Rough draft (2026-05-28) — captures the strategy for document versioning + incremental re-ingestion so it can be red/blue-teamed post-beta and implemented in v1.1. NOT in EPIC-4.5 scope. Builds on D15 (logical documents + supersession, already in the schema) and the chunk-level idempotency fix shipping with EPIC-4.5 (per-unit replace + chunks.unit_index).
Problem
When a user re-uploads a document — the same file, or an updated version of one already in a KB — the pipeline re-runs the full render → extract → embed path from scratch. Two costs:
- Wasted spend + time. The LLM extract call (per unit) is the cost driver; re-extracting unchanged content is pure waste — and under the "meter ingestion, be generous on storage" pricing direction (D18), it's waste the user may be metered on.
- Lost continuity. A new version supersedes the old (D15), but we don't carry forward what didn't change or surface what did.
Goal: detect that an upload is a duplicate or a new version of an existing doc, re-extract only what changed, and carry forward the rest.
Two separate problems (don't conflate)
- Chunk-level idempotency — infrastructure correctness under SQS at-least-once delivery. Solved in EPIC-4.5 via per-unit replace (delete a unit's chunks, re-insert) keyed on
chunks.unit_index. Not this doc. - Document versioning + incremental re-ingestion — product value. This doc.
Key insight: diff the deterministic layer, not chunks
Chunk boundaries are LLM-produced and non-deterministic — the same source text re-extracted yields slightly different chunks. So you cannot reliably diff or match chunks across versions. The diff + reuse must happen at the deterministic layer: the parsed paragraphs / structural units (pdftotext + the structure heuristics are byte-stable). Re-extract only the units whose source changed; carry forward the chunks of units whose source is identical.
Strategy sketch (to be red-teamed)
1. Document identity
- Byte-identical →
documents.source_hash(already in schema). Same hash = duplicate upload; skip ingestion, point at the existing doc. - New version of an existing doc → D15's version-detection heuristic (filename + title + structural overlap) yields a candidate "supersedes" link.
2. Unit-level diff
- Compute a per-unit source hash = hash of the unit's input paragraphs (the deterministic bundle the extractor consumes), for both the superseded version and the new upload.

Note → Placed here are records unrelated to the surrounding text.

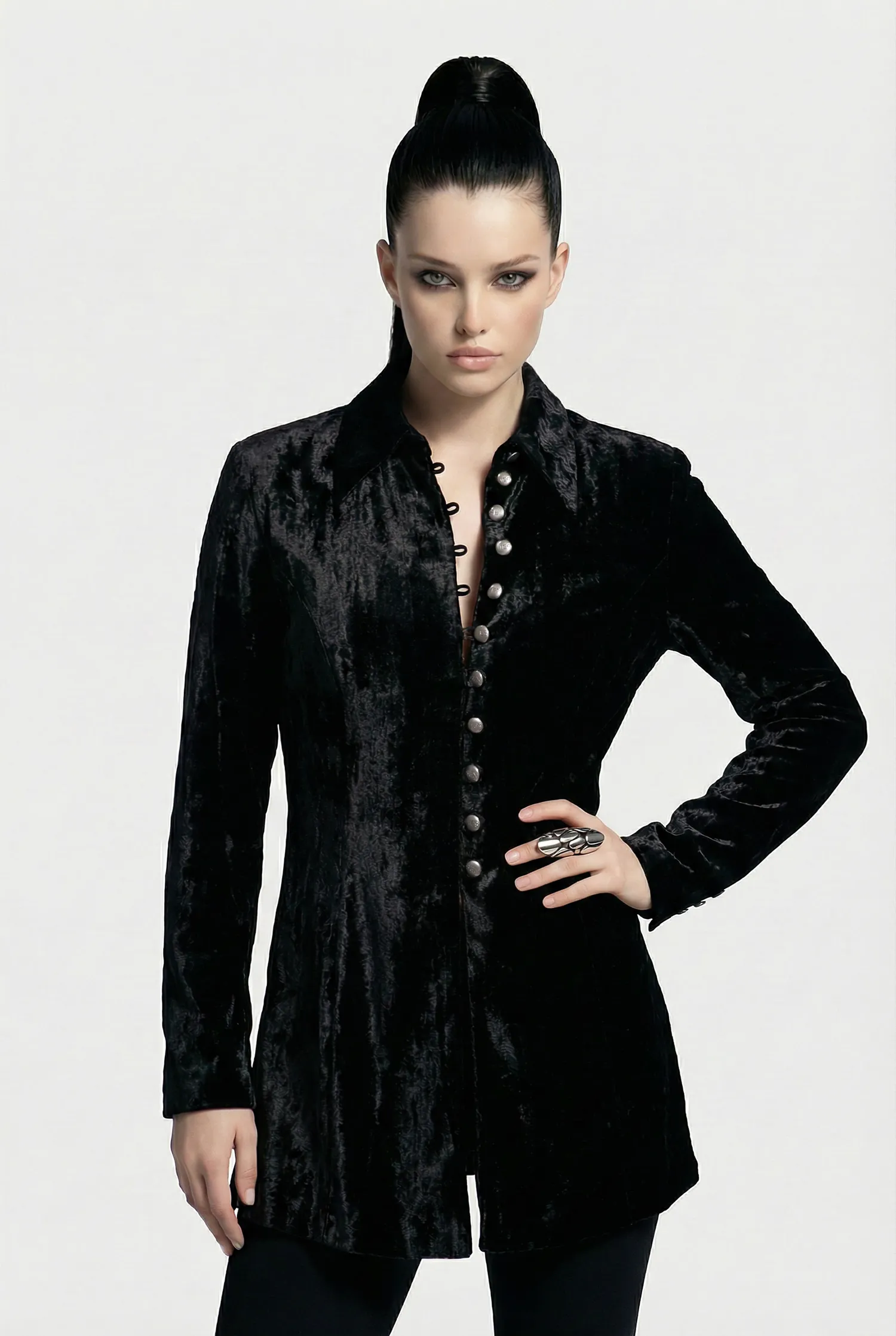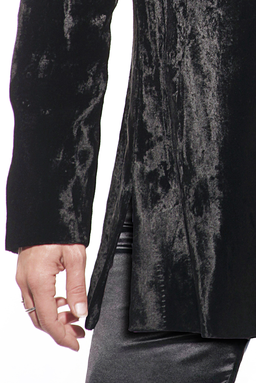 The John Richmond long jacket represents the perfect balance between rock provocation and excellent tailoring. Designed for those who desire a contemporary and decisive aesthetic, this creation is made of 100% viscose with an exclusive treatment that gives an extremely luminous velvet effect. Wearing a John Richmond long jacket means choosing a garment that does not go unnoticed, capable of transforming even the simplest outfit into a style statement.
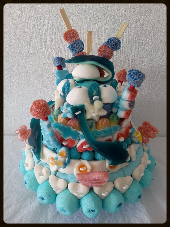 +/- 130 bonbons : étoile twist bleu, chamallow rose, baleine, coquillage...
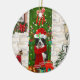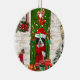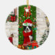 Borda Collie Dog sentada fora de casa decorada com coroa de Natal, árvore de Natal é uma ideia perfeita de presente de Natal para amantes de cachorros.
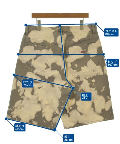 | ウエスト:88cm,裾周り:62cm,ヒップ:107cm,わたり:76cm,股上:41cm,股下:28cm |
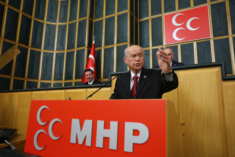 TBMM ile İmralı adasını egemenlik ölçeğinde ayırmak iflah olmaz bir ahmaklık olduğunu ifade eden Bahçeli, “Teröristbaşının, Türkiye Büyük Millet Meclisi DEM Parti grubuna gelmesine itiraz ediliyor da İmralı’da kalmasına niye tepki gösterilmiyor? Bu ne yaman bir çelişkidir? Bu nasıl bir izan eksikliğidir? Teröristbaşının tecridi kalkarsa, DEM Parti grubunda bölücü terör örgütünün eylemsel, pratiksel, amaçsal ve araçsal olarak bittiğini ve sonlandığını açıklamasından şimdiden rahatsızlık duyanlar, terörden geçinen, kandan nemalanan köksüzlerden başkası olmaz, olamaz. Ceset edebiyatı yapanlar, eğer kendilerine güveniyorlarsa, buyursunlar terörle mücadele maksadıyla Mehmetlerimizin yanına gitsinler, dağın başında nöbete girsinler, o zaman göreyim alayının ense tıraşını. Diyorlar ki, yeni anayasa hazırlık süreci için tahkimat yapıyormuşuz. Diyorlar ki, Sayın Cumhurbaşkanımızı bir kez daha seçtirmek için yol arıyormuşuz” şeklinde konuştu.
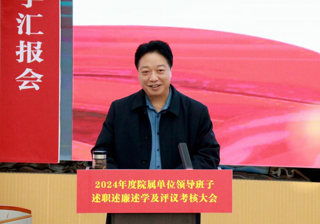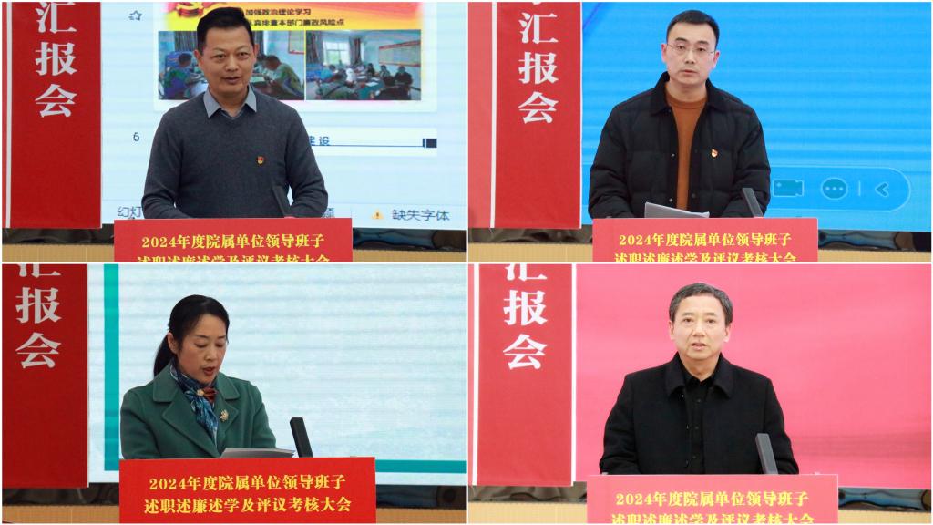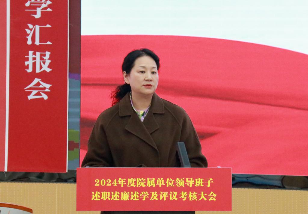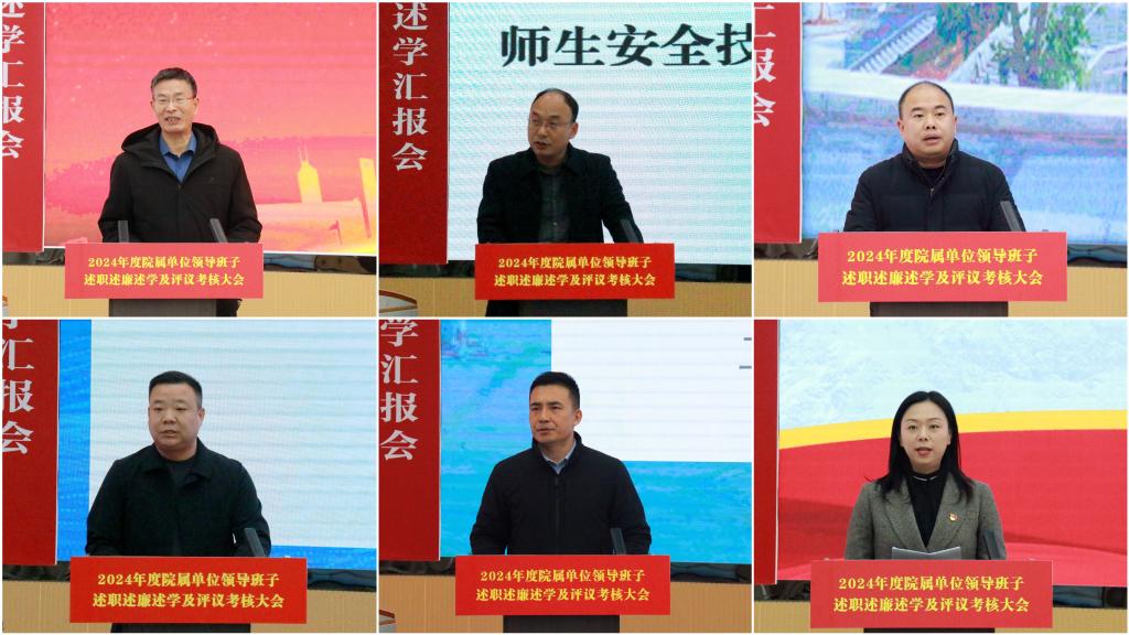 為進(jìn)一步統(tǒng)一思想、明確方向、凝聚共識,全面回顧與總結(jié)過去一年各單位取得的顯著成績,確保新的一年以更飽滿的熱情、更加扎實(shí)的作風(fēng)、更加高效的行動(dòng),推動(dòng)各項(xiàng)工作再上新臺階,1月7日,學(xué)院召開2024年度院屬單位領(lǐng)導(dǎo)班子述職述廉述學(xué)及評議考核大會。學(xué)院全體領(lǐng)導(dǎo)班子成員、各部門負(fù)責(zé)同志、部分科級以上干部、教師代表參與考核評議。院黨委副書記張明慧主持會議。
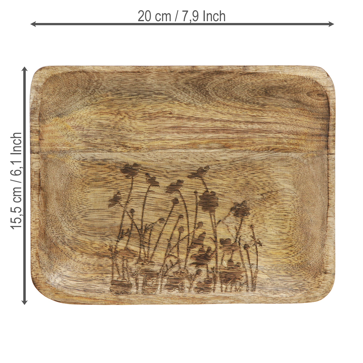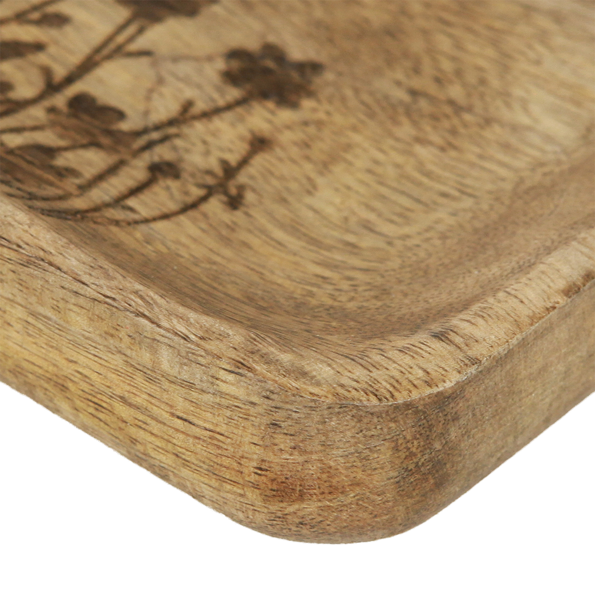 Decorative tray wood with floral pattern mango wood 20×15.5cm
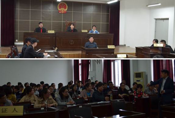 4月21日下午,人文学院2014级法学专业模拟审判在模拟法庭举行。
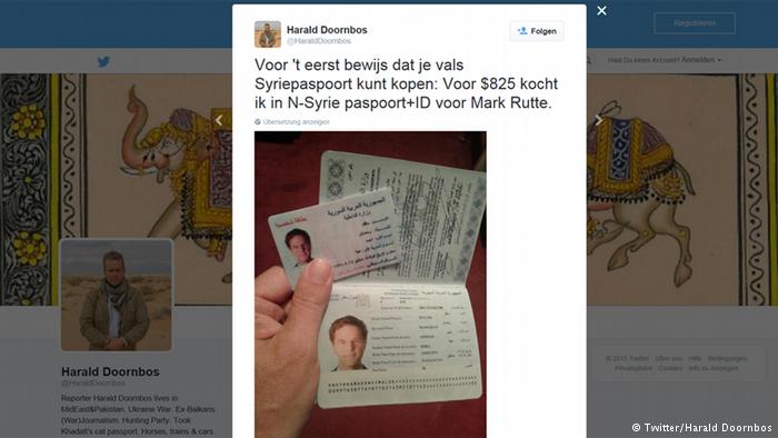 لكن جواز السفر الذي حصل عليه حمل صورة رئيس وزراء بلاده، مارك روتي، مرفقاً باسم عربي. ونشر دورنبوس صوراً للوثائق المزورة على صفحته في موقع "تويتر"، مرفقاً بهذه الرسالة: "هذا دليل أولي على أن شراء جواز سفر وبطاقة هوية سورية مزورة هو أمر بغاية السهولة"، مضيفاً: "كل ما نحتاجه هو 750 يورو ورقم هاتف أحد المزورين".
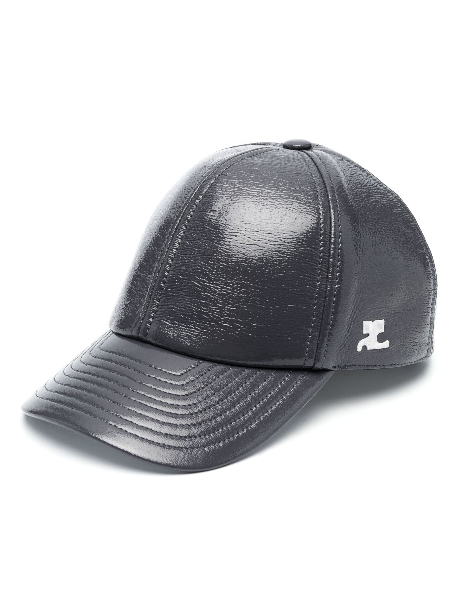 logo-embroidered glossy-finish cap from Courrèges featuring dark grey, cotton, glossy finish, tonal stitching, embroidered logo to the side, fabric-covered button at the crown, adjustable strap to the rear and curved peak.
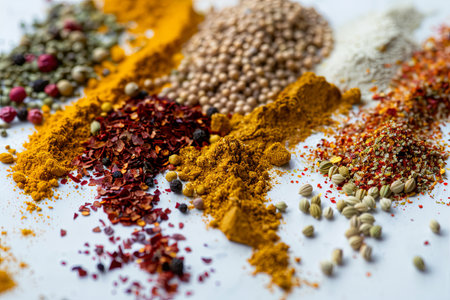 A close-up photo of various spices, including turmeric, coriander, and paprika, scattered on a white surface.
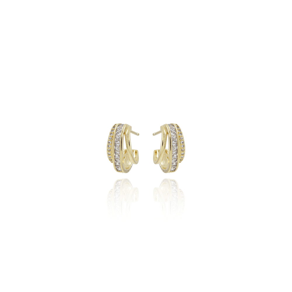 Encante-se com esse brinco!Este lindo brinco MEIA ARGOLA TRÊS FIOS CRAVEJADA CRISTAL E LISA é feito com LATÃO BANHADO A OURO 18K de alta qualidade.
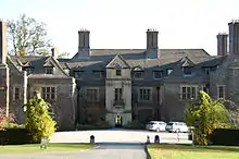 Llangoed Hall to the north of the village was built in 1633 by the Williams family of Old Gwernyfed in nearby Aberllynfi. It was lost to the MacNamara family (apparently after a game of cards) in about 1800 and subsequently much rebuilt. A London hatter called Archibald Christy bought the house in about 1860 and later had it extensively redesigned by the architect Clough Williams-Ellis, who formed the romantic notion that it was the site of the original 'White Court'. In 1987 the house was bought and much restored in Edwardian style by Sir Bernard Ashley, who subsequently opened it as the Llangoed Hall Hotel and fabric design centre.[3] It is now a grade II* listed building.[4]
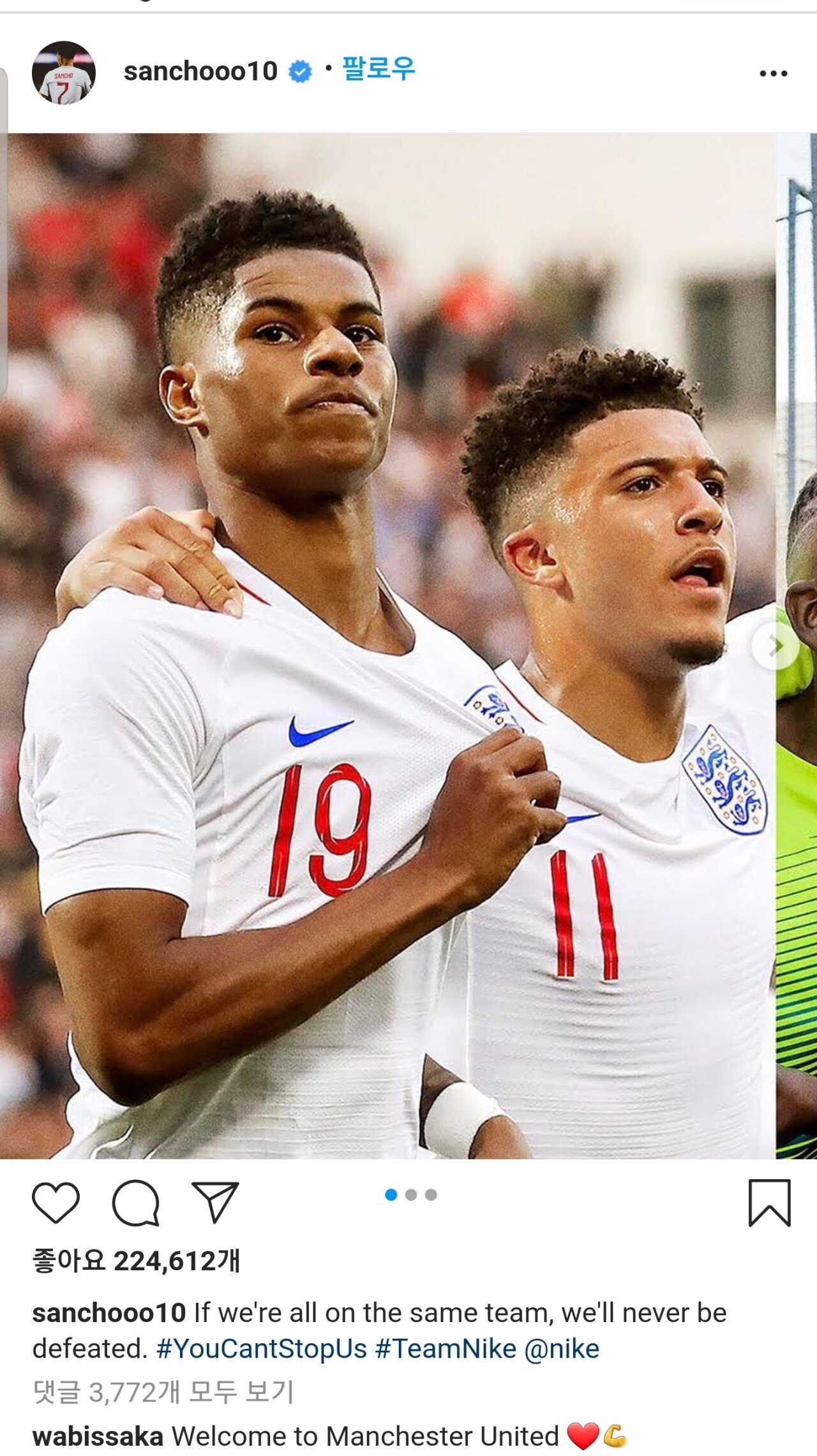 래시포드와 함께 있는 사진을 올리며 "만약 우리가 같은 팀이라면, 우린 절대 패배하지 않을 거야"라는 멘트를 함 (댓글에 완 비사카는 팬 계정임ㅋㅋ)
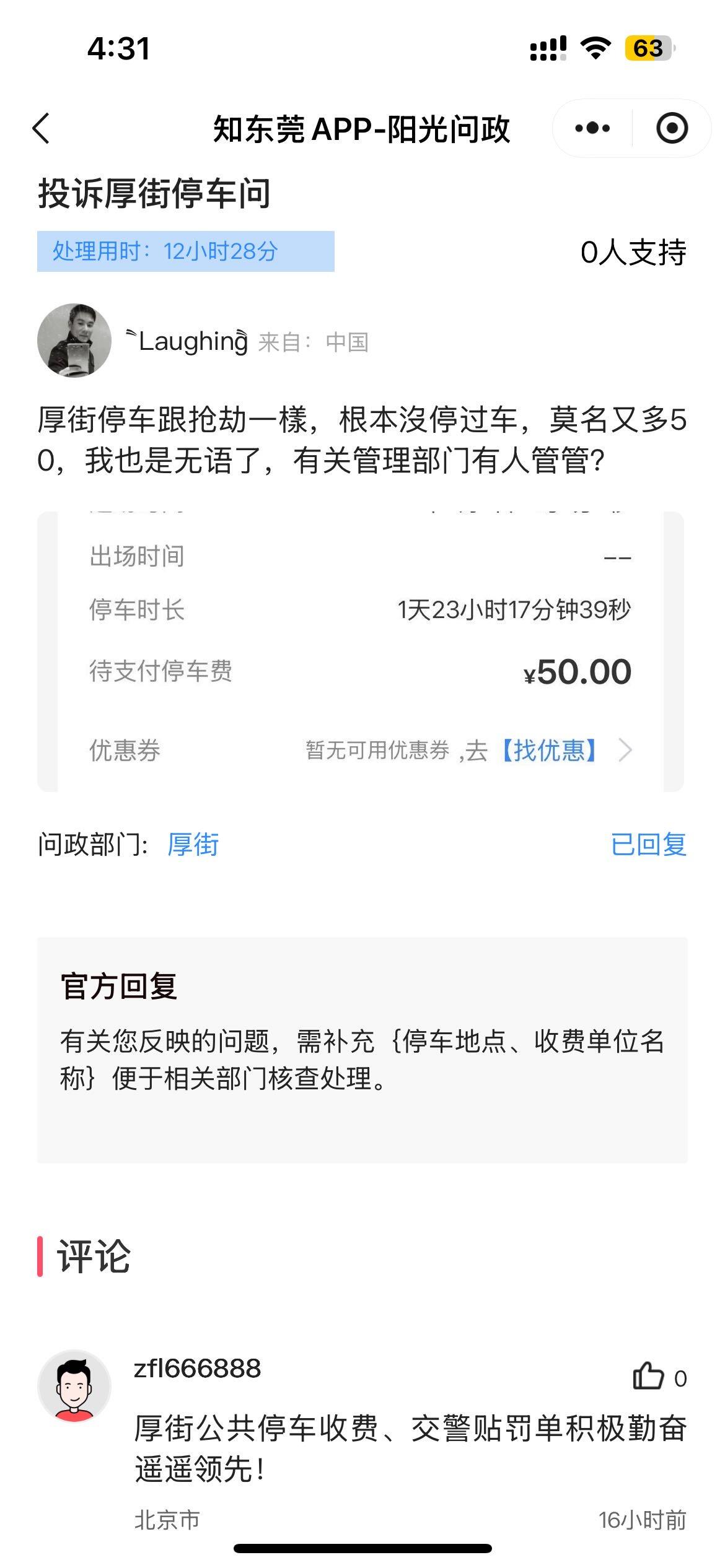 厚街路边停车问题
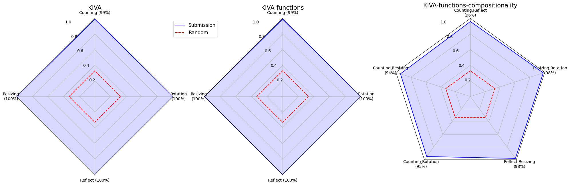 | Split | KiVA (Easy) | KiVA-func (Moderate) | KiVA-comp (Difficult) | Overall |
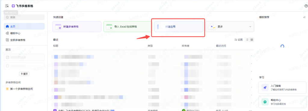 当然,它自己生成的那个,基本都得重头改,因为系统不知道我们的需求,如果我们想直接新建,那就直接在多维表格的主页里,点击新建应用,然后选择空间。
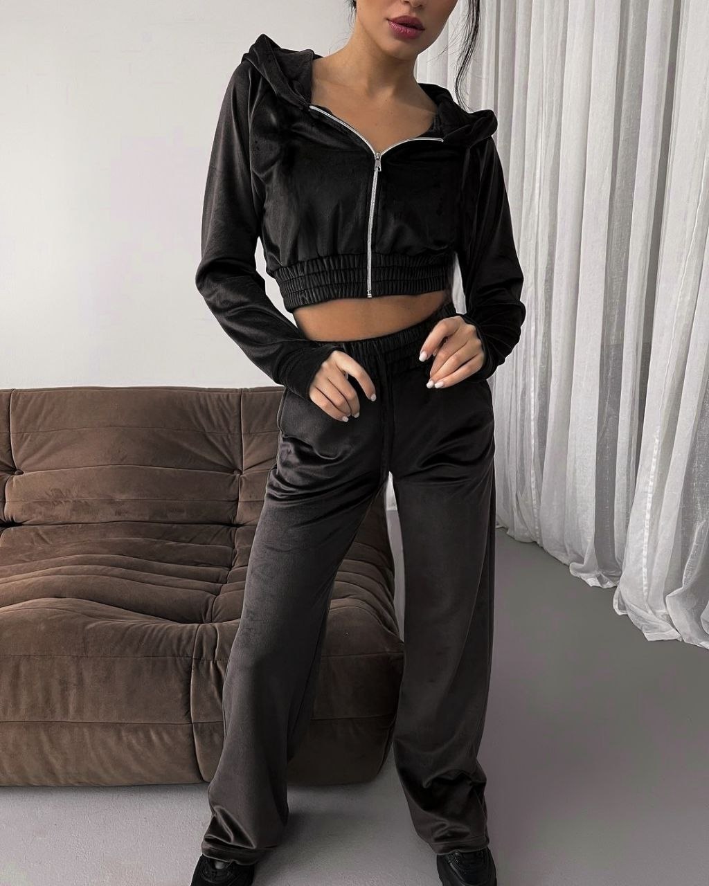 Велюровый костюм с широкими брюками и укороченной кофтой черный

- Match units across versions by content + anchor, not position —
unit_indexshifts when sections are added/removed, so positional matching is wrong. - Classify each new unit: unchanged (source-hash matches a prior unit), changed (anchor matches, source differs), new (no prior match). Prior units with no match are removed.
3. Reuse + re-extract
- Unchanged → carry forward the prior version's chunks + embeddings (no LLM call, no embed call).
- Changed / new → re-extract via the normal per-unit path.
- Removed → drop, or leave on the superseded version per the supersession model.
Open questions (red-team targets)
- Chunk ownership across versions — chunks reference
document_id. Does carry-forward re-point chunks to the new version's row, copy them, or attach chunks to thelogical_document? This is the central data-model decision. - Unit-matching robustness — anchor + source-hash handles re-numbered sections; what about reordered, merged, or split units? A false "unchanged" surfaces stale content as current.
- Version-detection false positives — wrongly treating an unrelated upload as a version of X corrupts the lineage. Confidence threshold + human confirm (D15)?
- Inspector UX — surface "carried forward" vs "re-extracted (changed)" vs "new" so the user can trust the diff. Ties to D15's per-chunk version envelope.
- Cost metering — incremental re-ingestion meters only changed units; reconcile with the EPIC-5 pricing model.
- Worth it at beta scale? Full re-extract is fine until re-uploads are common — validate demand before building.
Dependencies / prior art
- D15 — logical documents + supersession + version-detection heuristic (schema + design exist; version UX deferred).
- EPIC-4.5 — per-unit replace +
chunks.unit_index(the chunk-identity primitive this builds on). - New artifact: a per-unit source hash (hash of the unit's input paragraphs) drives the reuse decision.
Next: /hl:red-team post-beta → /hl:blue-team into a requirements contract → implement in v1.1.